About this exercise
In the records below, find the line containing "Car Charger Mobil" and transcribe it and every line after it exactly; leave the pictures out.

Extracted material
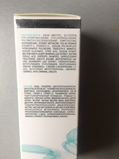 voda, glycerin, cyklopentasiloxanu, tsiklogeksasiloksan, polimetilsilseskvioksan, dimethikon, isohexadekan, tsetearilmetikon, PEG-40-stearát, steareth-2, steareth-21, polyakrylát sodný, hydrogenovaný polydecen, trideceth-6, mannitol, glukonát sodný, kyselinu citrónovou, citrát sodný, výtažek z listů WALTERIA Indica (Walter), dextrin, kyselina ferulinovaya, isopropyl palmitát, glitseriltrikaprilat / kaprát, diatsetilboldin výtažek z listů medvědice lékařské (Bearberry), parfémy, benzylalkohol, Methylchloroisothiazolinone, Methylisothiazolinone, 2-brom-2-nitropropan -1,3-diol, butilfenilmetilpropional, limonen, geraniol, geksiltsinnamal, linalol. 30 m
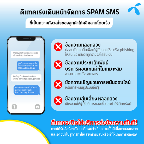 ดีแทคเร่งเดินหน้าจัดการ SPAM SMS ที่เป็นความกังวลใจของลูกค้าให้คลี่คลายโดยเร็ว
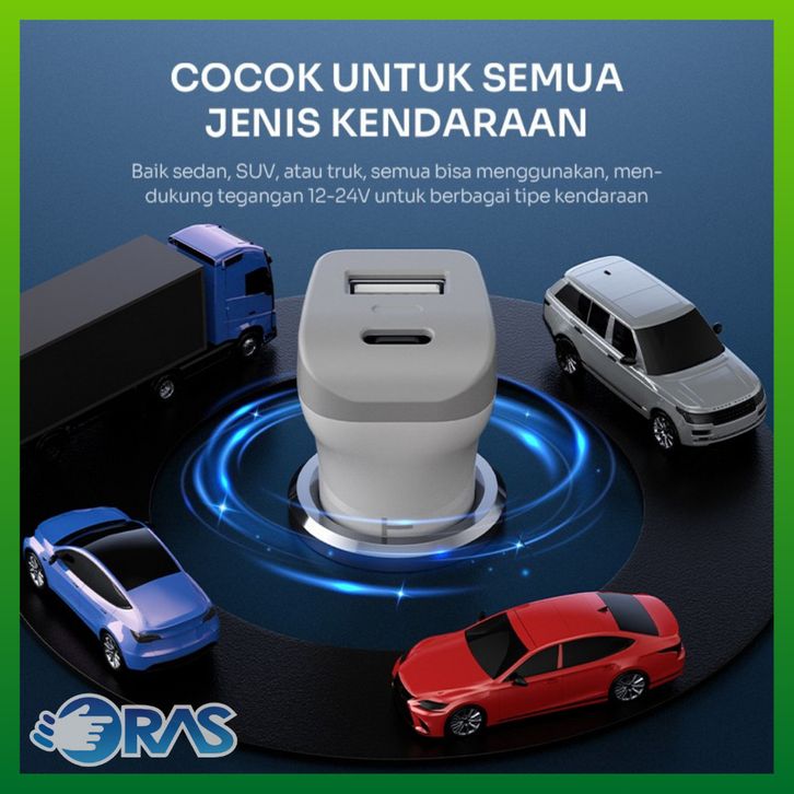 Car Charger Mobil Motor USB Power Delivery Type C Fast Charging PD 2.4A 2 Output Port Robot C09
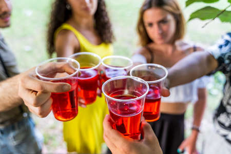 Close up of friends clinking various alcohol glasses while enjoying outdoor party
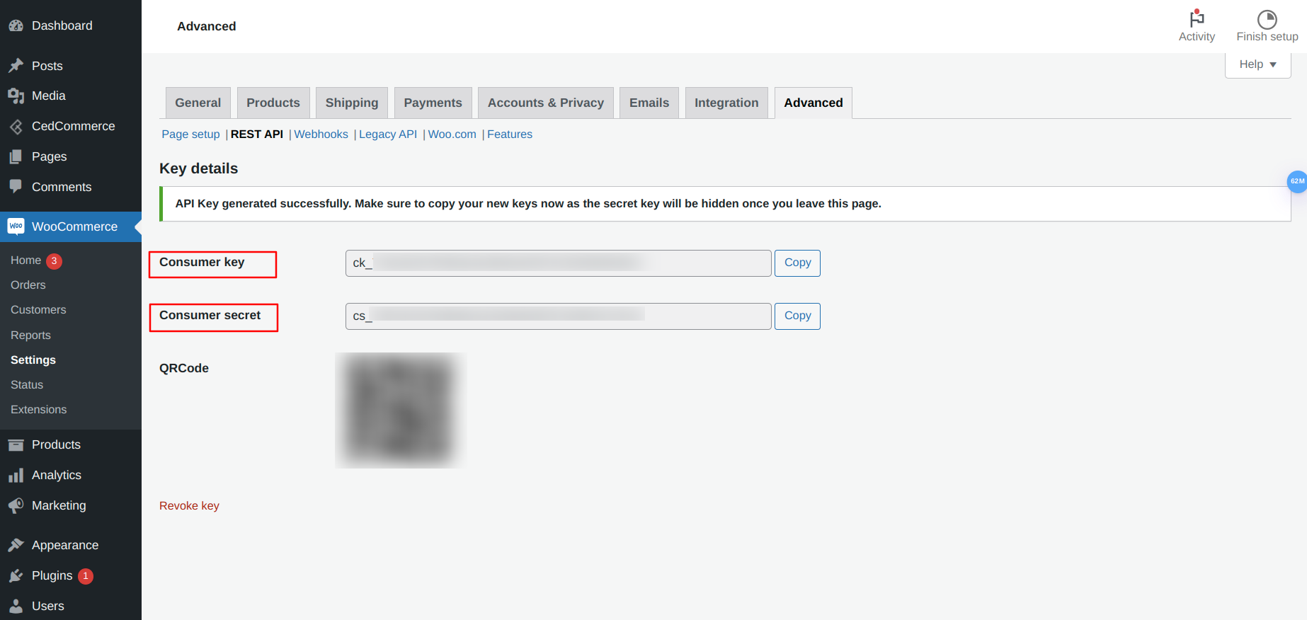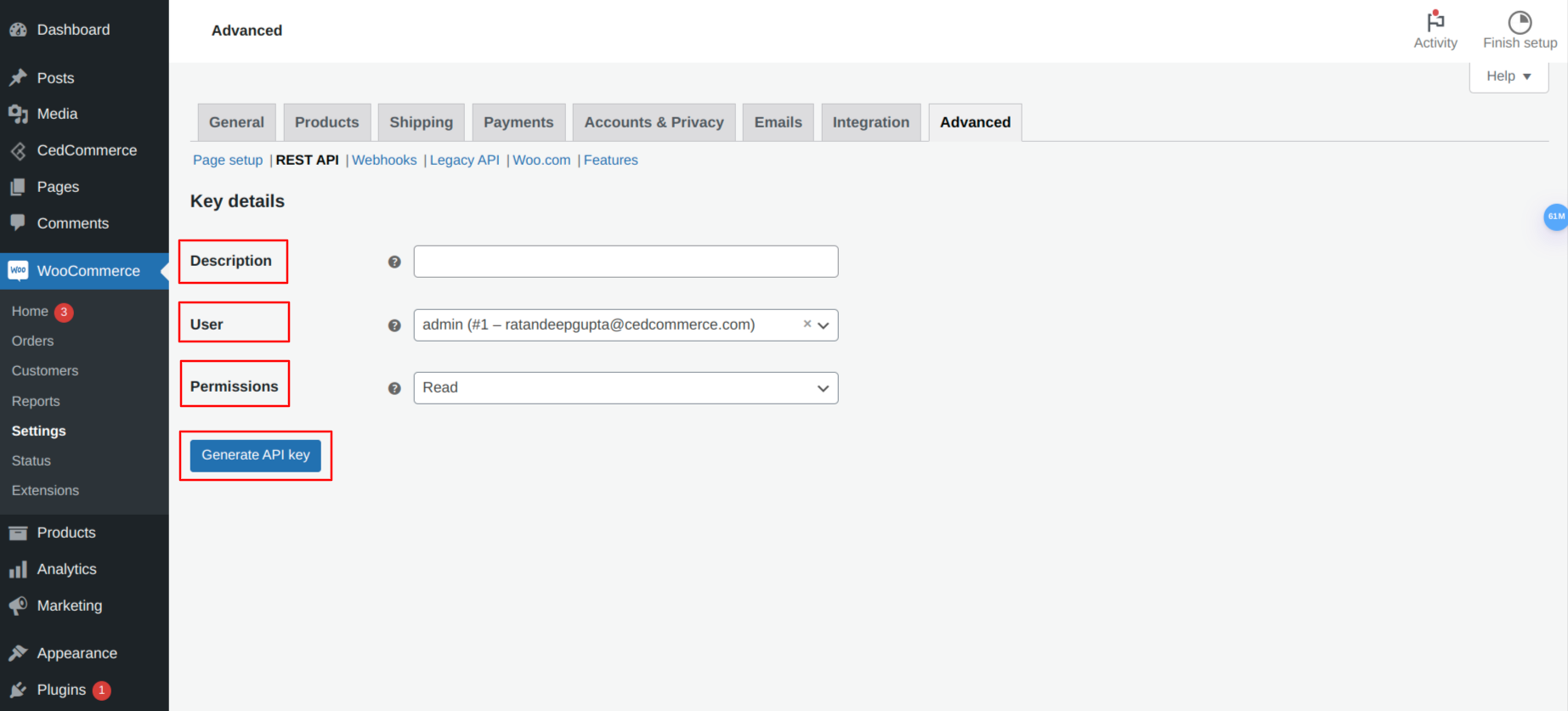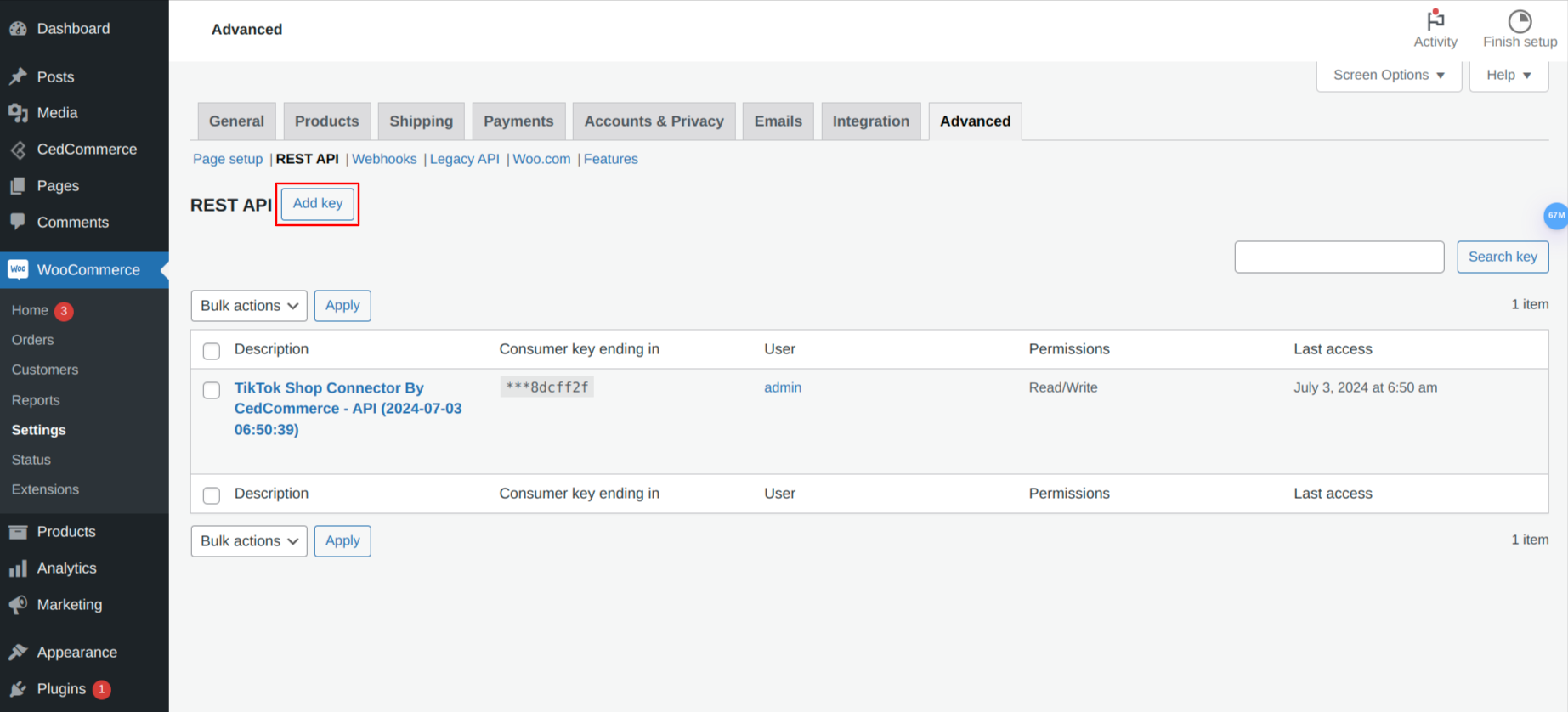 Navigate to the WooCommerce > Settings > Advanced > REST API.
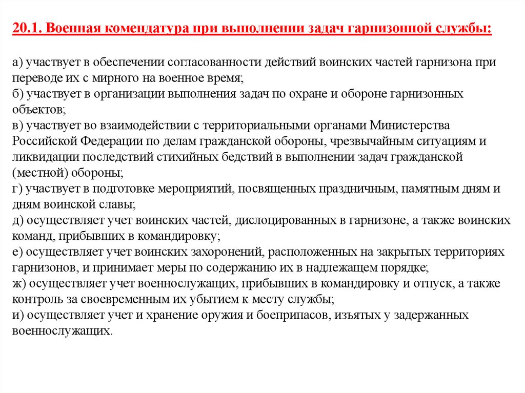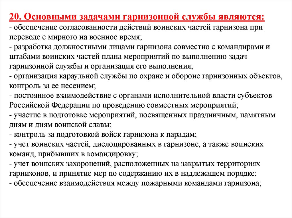 20. Основными задачами гарнизонной службы являются:- обеспечение согласованности действий воинских частей гарнизона при
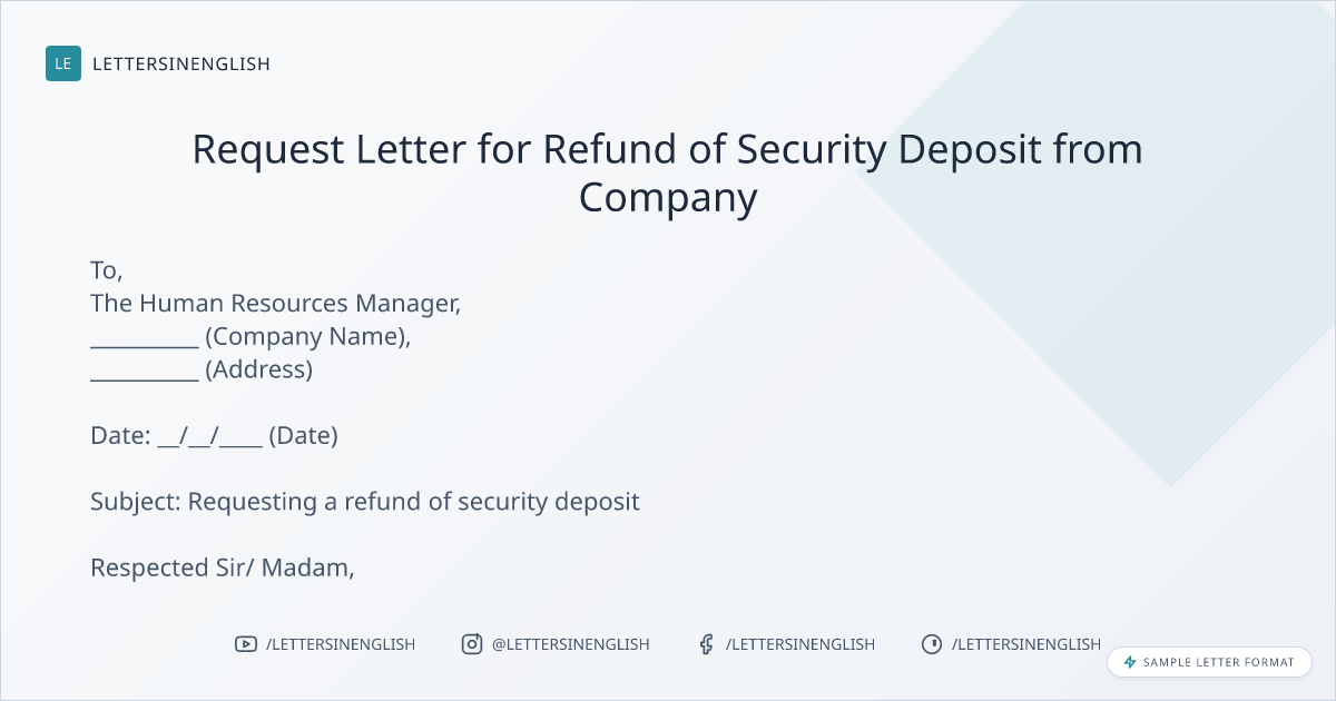 Request Letter for Refund of Security Deposit from Company
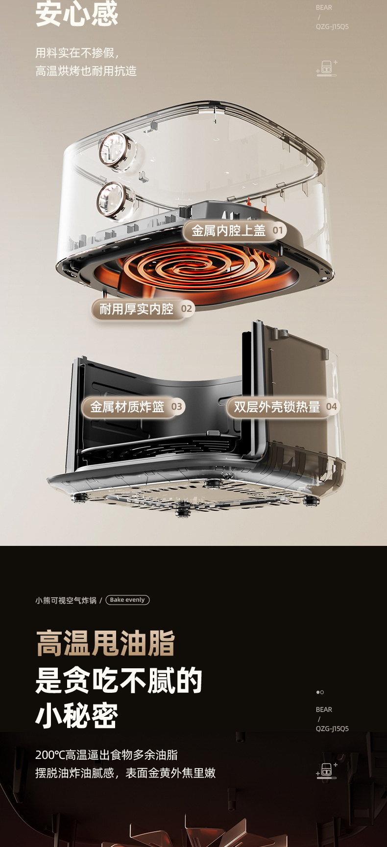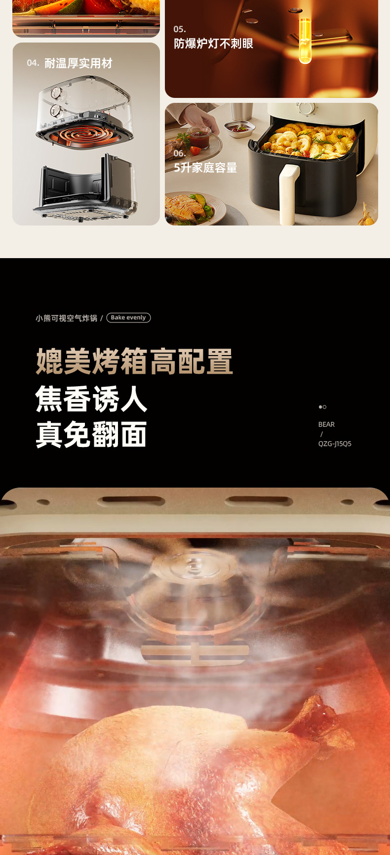 商品名称:Bear/小熊5L可视空气炸锅QZG-J15Q5

Your solution
 Car Charger Mobil Motor USB Power Delivery Type C Fast Charging PD 2.4A 2 Output Port Robot C09
 Close up of friends clinking various alcohol glasses while enjoying outdoor party
 Navigate to the WooCommerce > Settings > Advanced > REST API.
 20. Основными задачами гарнизонной службы являются:- обеспечение согласованности действий воинских частей гарнизона при
 Request Letter for Refund of Security Deposit from Company
 商品名称:Bear/小熊5L可视空气炸锅QZG-J15Q5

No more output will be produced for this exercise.